We were received very hospitably at the guesthouse by a lovely old couple. The house was amazing; we couldn’t wish for a better accommodation. I actually practiced Gaelic a bit before our holiday and it was fun exchanging a few sentences with the hostess. It may be a language not spoken by many these days, but it is a very interesting one and I am keen on learning it. The hostess even raised the Dutch flag at her guesthouse when we went out the next day. It was a nice touch. That evening, we met Allen MacKenzie, the Pipe Major of the Isle of Skye Pipe Band who invited me to play a couple of tunes with the band.

The author has a tune at the Falls of Tarff in the wilds of Atholl.

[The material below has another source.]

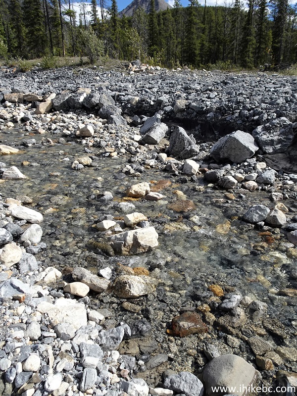 34. At 3.56 km, we arrived to a "bridge out" point of the road. It even showed that on our GPS trail ribbon. Peterson Creek flows here, and it obviously becomes very large during the spring runoff, moving substantial amounts of stones around, which makes it impossible to bike.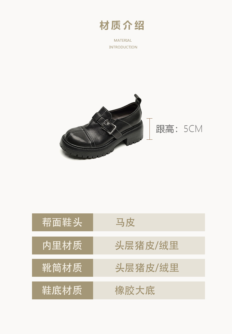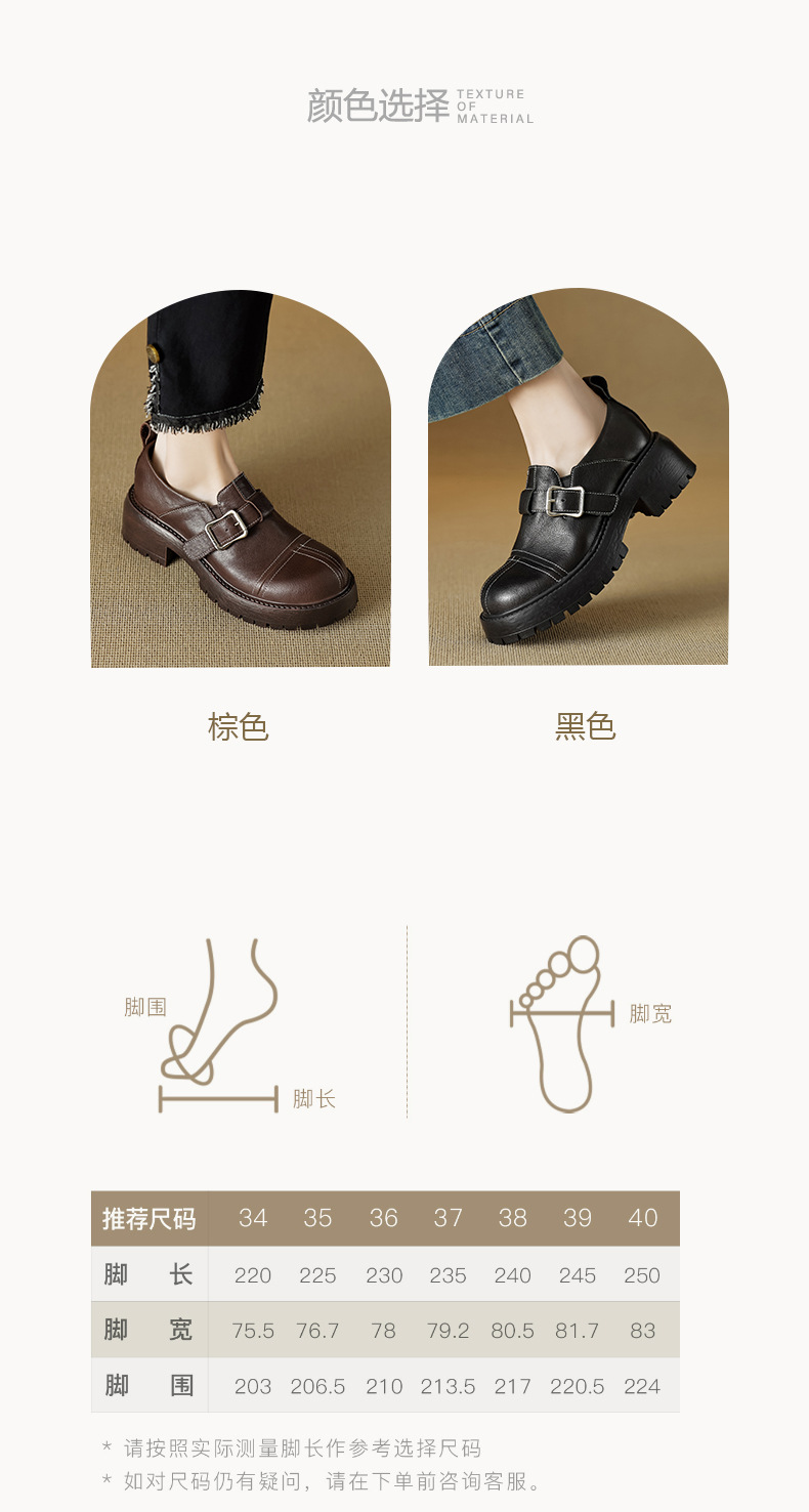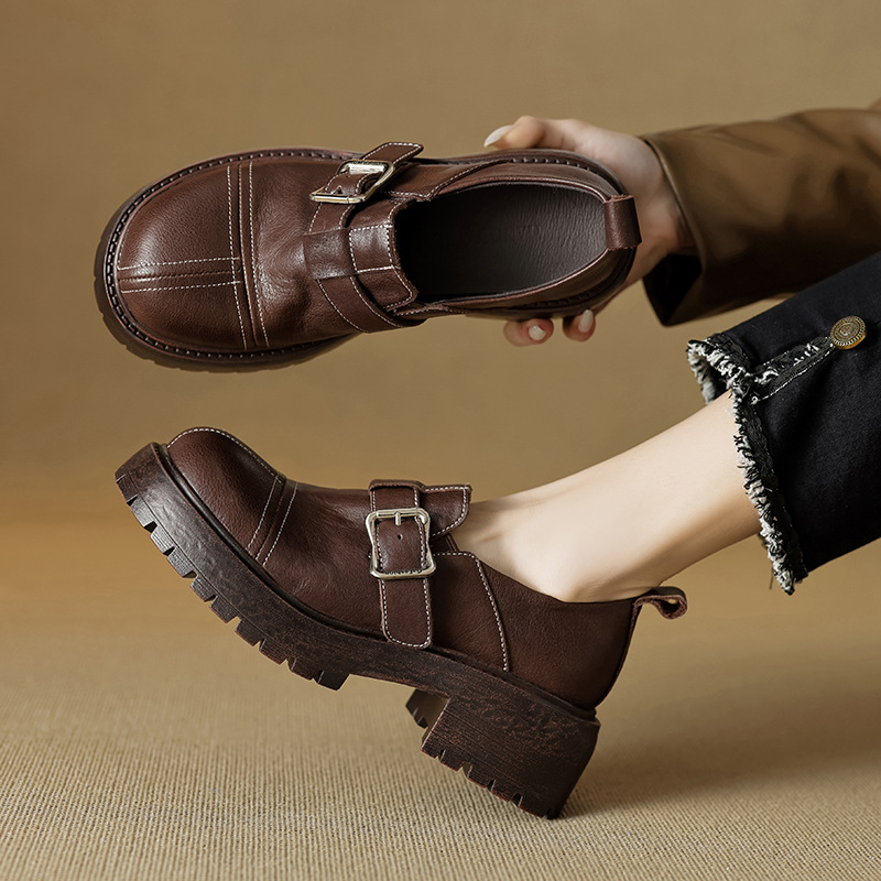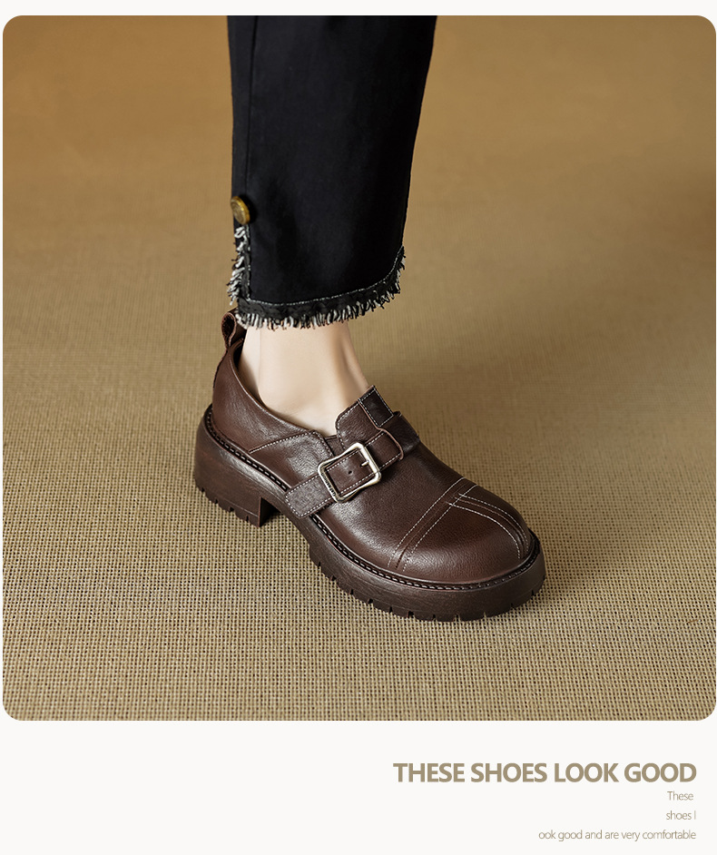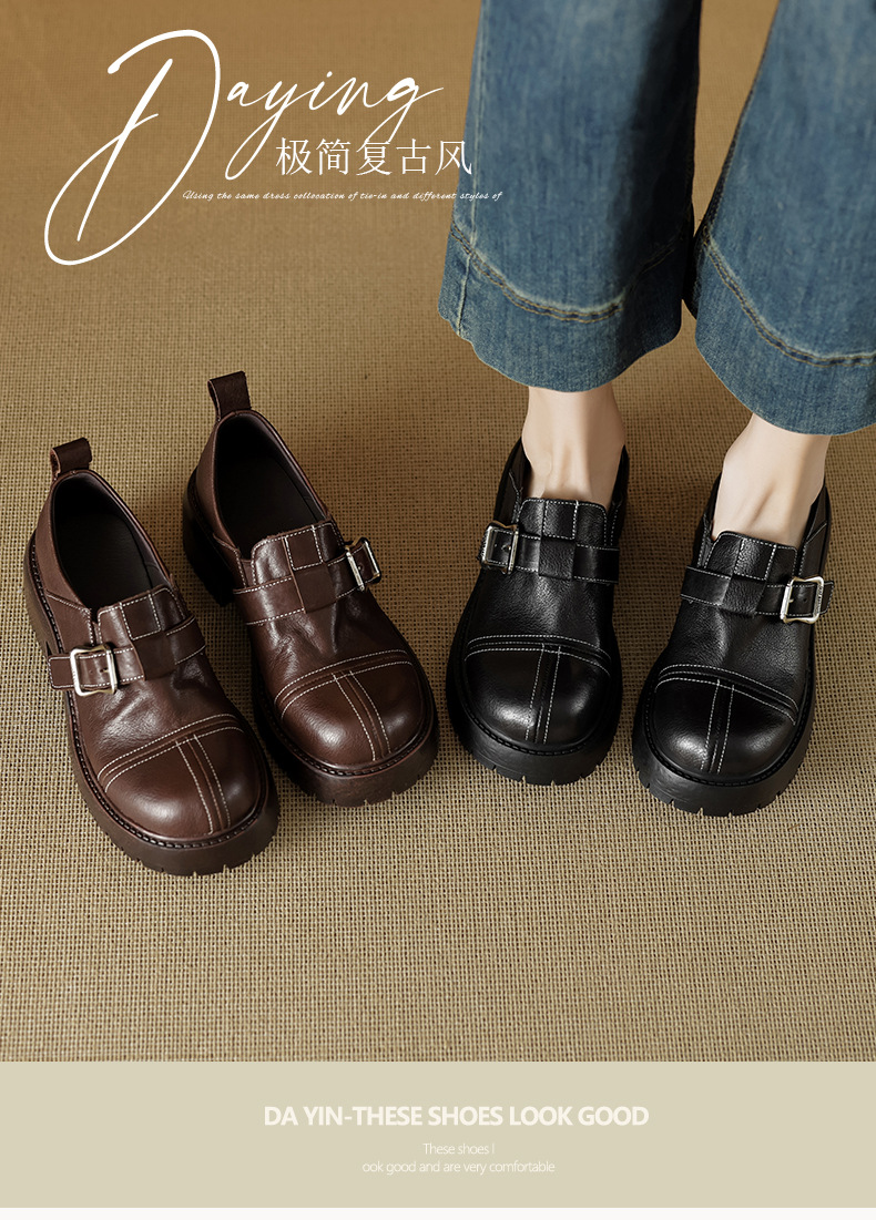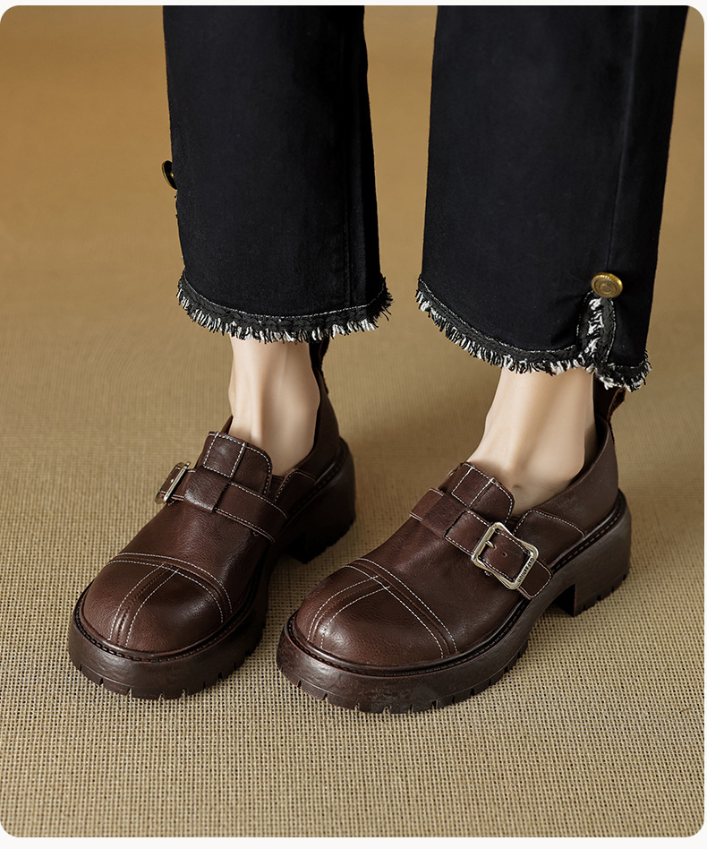기모 영국 스타일 두꺼운 바닥 가죽 신발 여성 정품 가죽 두꺼운 힐 로퍼 2025 새로운 봄 하이힐 게으른 신발

There are certain moments in life that we will always treasure, memories that will always stay with us. We had one such a moment during our trip. Whilst on Skye we visited the Fairy Pools. It was a tough walk. The road was rocky, the rain was drizzly and I hadn’t slept well. Although the pools can be seen from a distance, it nevertheless took us about half an hour before we reached them. The sight was one to behold. And there on that day at the Fairy Pools, after playing Amanda McBroom’s song, The Rose for my girlfriend, I proposed.

Though that was definitely the highight of our trip, it didn’t end there. We travelled to Ullapool where we met Ruairidh MacLean, an accordion player who could put many a piper to shame with his bagpipe impression and quick finger work. We stayed at the Farr Bay Inn at Bettyhill and met a few wonderful people there who were also staying for the night.

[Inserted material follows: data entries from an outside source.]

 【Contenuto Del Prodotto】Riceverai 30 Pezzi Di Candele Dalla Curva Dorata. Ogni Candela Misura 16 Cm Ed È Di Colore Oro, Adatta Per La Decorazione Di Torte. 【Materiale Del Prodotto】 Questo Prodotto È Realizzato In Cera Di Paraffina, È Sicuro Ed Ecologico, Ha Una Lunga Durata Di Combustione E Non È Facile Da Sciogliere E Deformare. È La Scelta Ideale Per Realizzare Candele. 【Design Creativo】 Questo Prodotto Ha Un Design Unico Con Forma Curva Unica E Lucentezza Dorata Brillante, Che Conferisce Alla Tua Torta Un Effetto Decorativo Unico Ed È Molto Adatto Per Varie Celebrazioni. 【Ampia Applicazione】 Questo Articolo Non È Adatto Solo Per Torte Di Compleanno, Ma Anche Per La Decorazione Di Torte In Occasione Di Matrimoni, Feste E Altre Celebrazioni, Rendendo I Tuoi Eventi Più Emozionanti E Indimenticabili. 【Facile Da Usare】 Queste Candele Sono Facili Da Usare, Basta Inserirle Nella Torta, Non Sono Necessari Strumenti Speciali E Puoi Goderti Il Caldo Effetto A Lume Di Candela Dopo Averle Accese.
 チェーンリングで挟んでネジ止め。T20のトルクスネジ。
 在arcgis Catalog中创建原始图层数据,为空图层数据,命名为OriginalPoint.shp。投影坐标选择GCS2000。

Jaco and Patricia in Sutherland.

Finally, we headed south to Newcastle via Elgin (with an obligatory stop at the Glenfiddich distillery) and Saint Monan where we came in contact with some lovely people including some of my fellow countrymen. A Scotsman was so impressed with my playing at the docks of that he recited a Scottish toast for me:

The cover of the August 2019 Piping Times.

May the best ye’ve ever seen
Be the worst ye’ll ever see.
May a moose ne’er leave yer girnal
Wi’ a tear drap in his e’e.
May ye aye keep hale an’ he’rty
Till ye’re auld eneuch tae dee.
May ye aye be jist as happy
As we wish ye aye tae be.

This was the most amazing, exhilarating journey I’d ever had. There are many more stories that I could tell you that happened to us during our ten-day trip. Experiences make us who we are. These are the things that make us grow as a person. For me, I hope that this taste of Scotland and its culture will make me a better piper. I would go back in a heartbeat.

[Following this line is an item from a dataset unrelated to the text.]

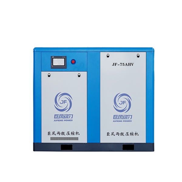 提供巨风JF-75AHV两级压缩永磁变频螺杆式空压机,压力范围0.5MPa-1.3MPa,排气量9.4-15.5立方,型号包含JF-75AHV/0.8、JF-75AHV/0.5、JF-75AHV/1.0、JF-75AHV/1.3等。

And my girlfriend? Of course, she said yes!

• From the August 2019 Piping Times.

* Postscript: Stuart Letford writes: “I remember well the day I met Jaco and Patricia. I had recevied a phone call from the Blair Castle office first thing that morning advising that its Duty Piper that day had a last-minute appointment elsewhere. So, I threw on the garb, grabbed the beast [the great highland bagpipe] and drove north to be the Duty Piper that day.

Jaco and Patricia appeared just after lunch time. Jaco was resplendent in the garb and had the ‘beast’ under his oxter. We had a great chat. He was a fascinating chap and we discussed possible piping places for him and Patricia to visit on their holiday. Jaco even allowed me a break at the 2.00pm stint when he took my spot – while I had a cup of tea and a scone. He played really well.

I really hope that when this pandemic is over that he and Patricia return to Scotland and I can meet up with them again and have a tune … maybe even up at the Falls of Tarff.”